De forma geral, podemos dizer que o tratamento pode ser realizado por meio de duas drogas: uma que inibe a produção de testosterona, e outra que estimula altos níveis de produção hormonal. Segundo o artigo escrito pelo especialista Alex Meller, urologista da Unifesp, o corpo é enganado ao acreditar que há uma produção excessiva de testosterona e inibe a produção natural.

A droga tem um custo médio de R$ 2 mil a R$ 3 mil por injeção que precisam ser usadas uma vez a cada três meses. Ainda de acordo com o especialista, o psiquiatra Danilo Baltieri, coordenador do Ambulatório de Transtornos da Sexualidade da Faculdade de Medicina do ABC, o tratamento não pode ser considerado uma castração, visto que não há a privação, e sim um tratamento médico para a diminuição de impulsos.

 

SOBRE A EFICÁCIA DO TRATAMENTO

Médicos especialistas afirmam que o impulso sexual do criminoso diminuiria, porém o interesse irá continuar. Ou seja, embora a questão hormonal e corporal possa ser controlada, há ainda a questão psicológica. E sob essa, não há controle. A castração não cura, e mesmo que não haja a ereção, o agressor ainda poderá encontrar outras maneiras de praticar a violência sexual de outras formas.

Há ainda um grande questionamento acerca do Projeto de Lei apresentado à Câmara pelo Deputado Jair Messias Bolsonaro, em 2013, que discute o tema da castração química, no que tange a uma questão ética da medicina.

Acontece que o projeto não deixa claro por quanto  tempo o criminoso será submetido ao tratamento, fato este que implicaria em efeitos colaterais caso o tratamento seja realizado por um longo prazo. Ainda nesse sentido, há a questão legal e constitucional em que nenhum condenado poderá ser submetido a um pena de caráter perpétuo e que a pena de prisão não poderá ultrapassar 30 anos.

Na Indonésia, por exemplo, foi aprovado a castração química para pedófilos após o assassinato de uma menina de 14 anos, no entanto, apesar do decreto, a associação médica nacional pediu para seus membros não cooperarem, e afirmou que “com base em provas científicas, a castração química não garante a perda ou a redução do desejo e potencial comportamento sexual violento”.

 

CONCLUSÃO

Embora o estuprador fique impossibilitado de utilizar seu pênis para cometer violência sexual após a castração química, nada garante ou impede que este criminoso se utilize de outros artifícios para cometer seus crimes.
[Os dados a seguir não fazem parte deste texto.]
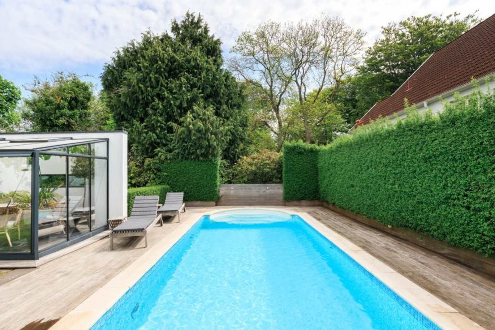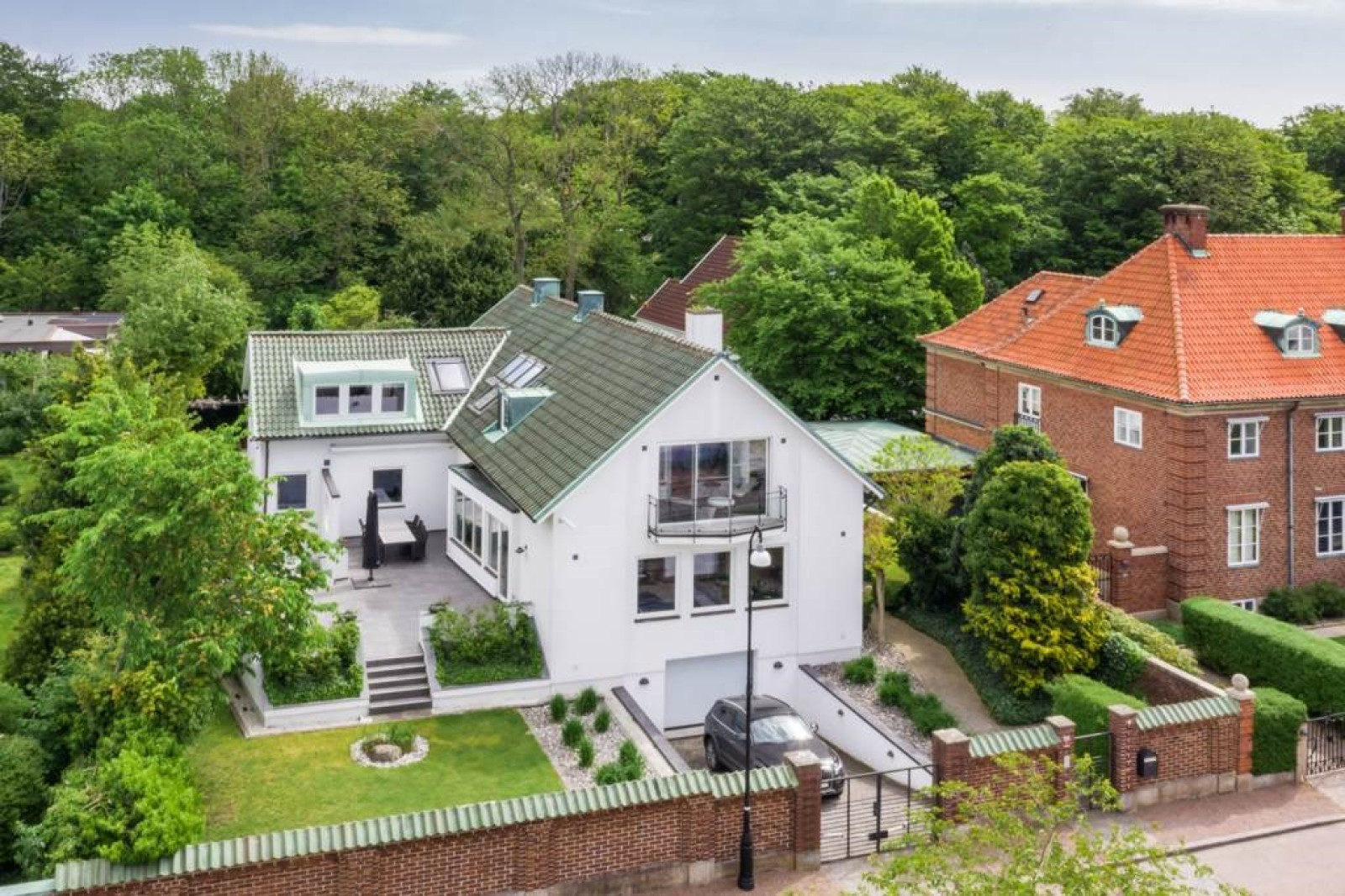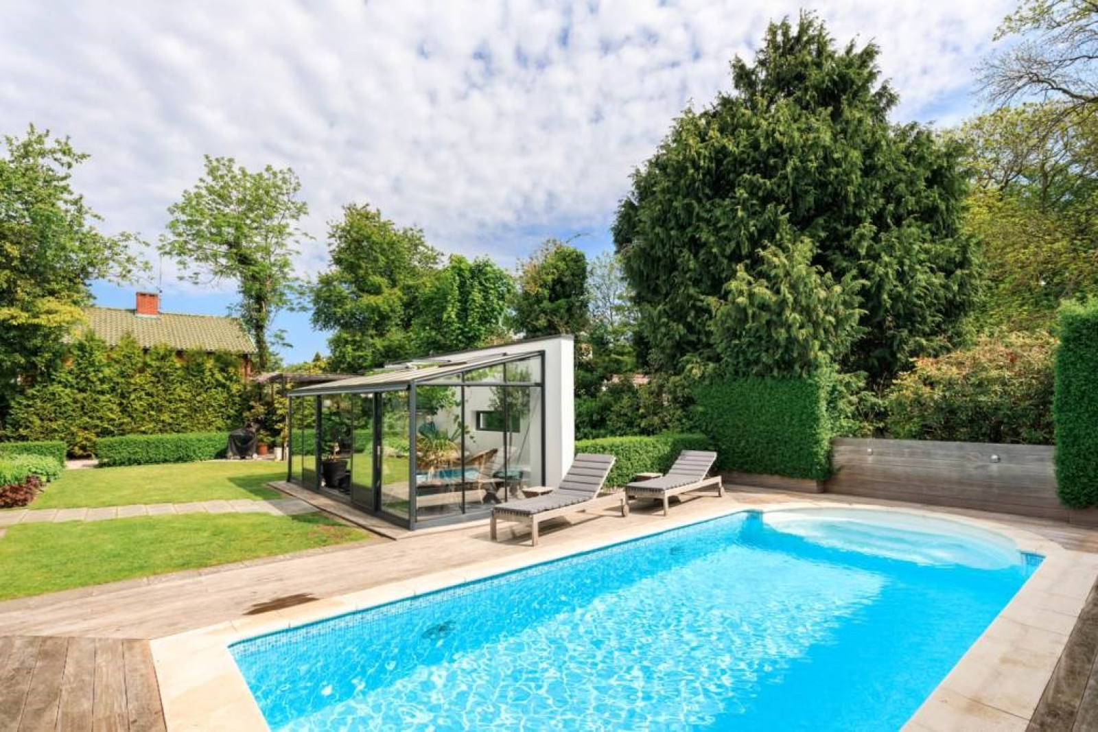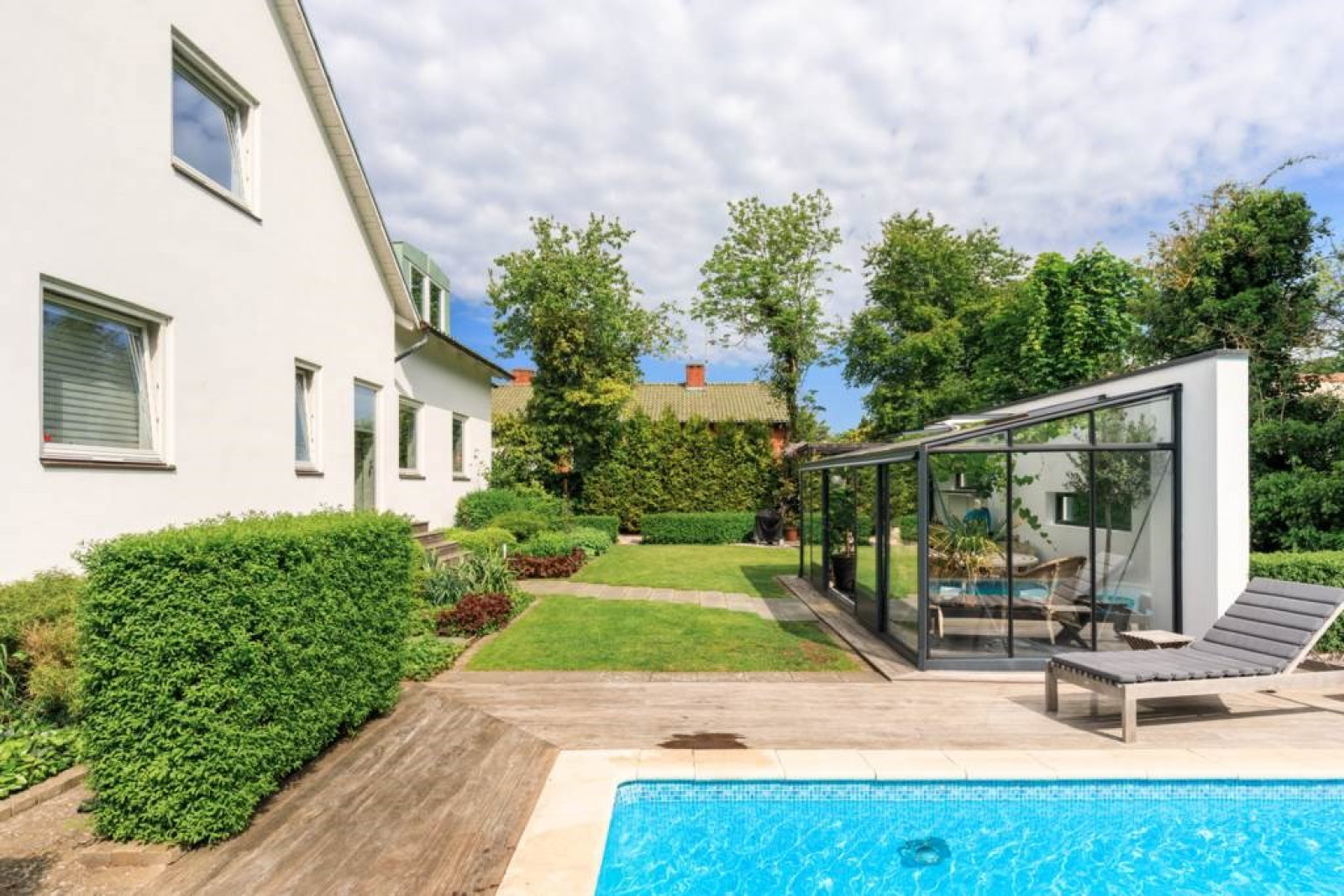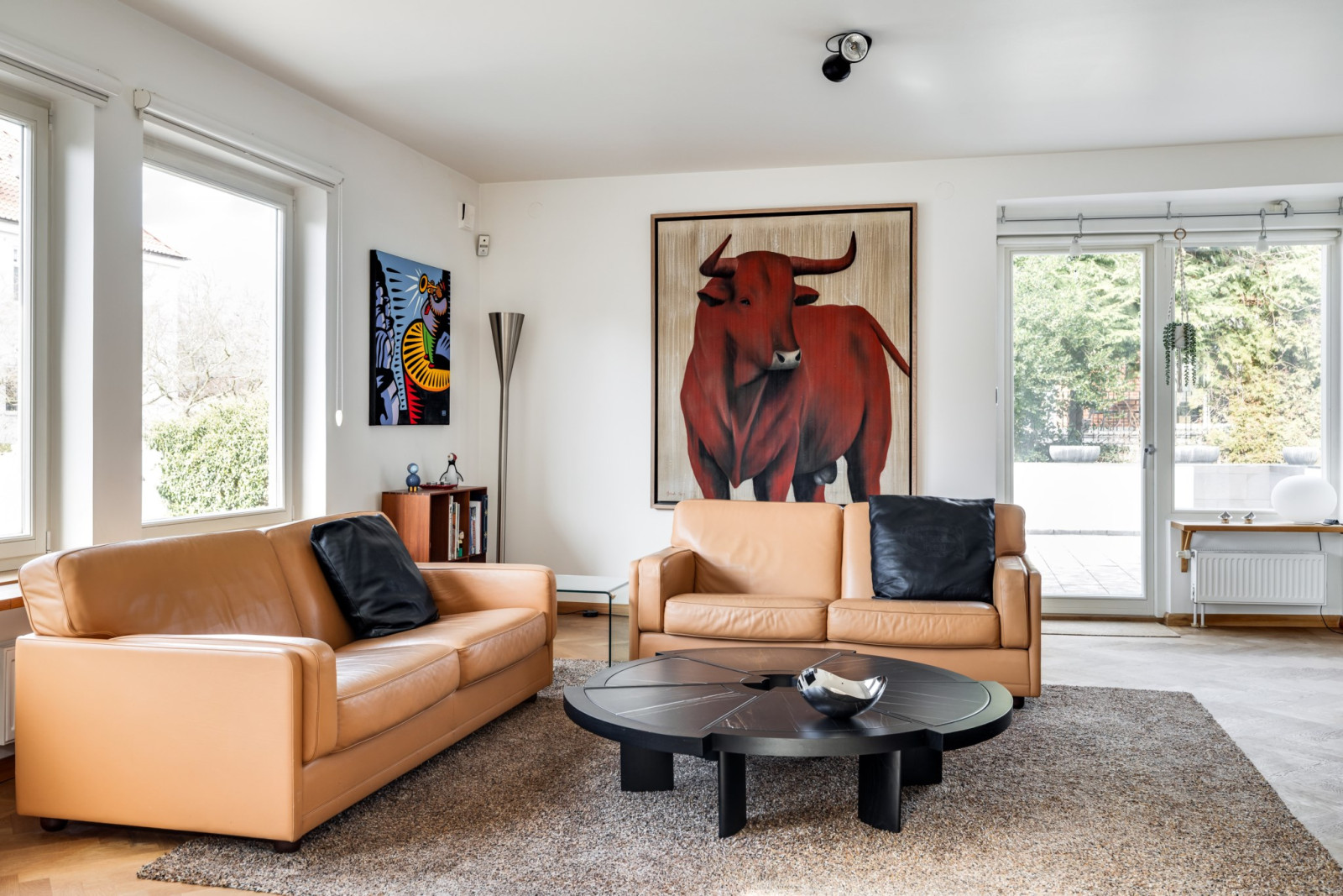 SOVRUM med ekparkett och utsikt mot trädgård.

Vale lembrar que crianças são molestadas diariamente, e seus algozes nem sempre usam seu próprio membro para se saciar. Há casos de estupro de crianças e até bebes em que estes são violentados com dedos, mãos ou qualquer outra coisa que possa ser usado para penetra-las. Assim como mulheres (e até mesmo homens) são violentadas com objetos como cabos de bassouras, ou como este caso da moça que fora violentada com pedaços de cana de açúcar.

De certo que a castração química apresentou uma variação de problemas negativos: em especial, o custo que ela  teria ao Estado, considerando o valor da medicação utilizada e a quantidade de profissionais disponíveis para cuidar do tratamento e da saúde do criminoso; além de ser somente um paliativo, tendo em vista ser apenas temporário, pois com a interrupção do tratamento, toda questão hormonal voltaria a ser como antes; não há garantias de que o criminoso não vá cometer mais violência sexual, pois poderá se valer de outros métodos; e por fim, a maior problema de todos: SERÁ QUE O SUS VAI DAR CONTA?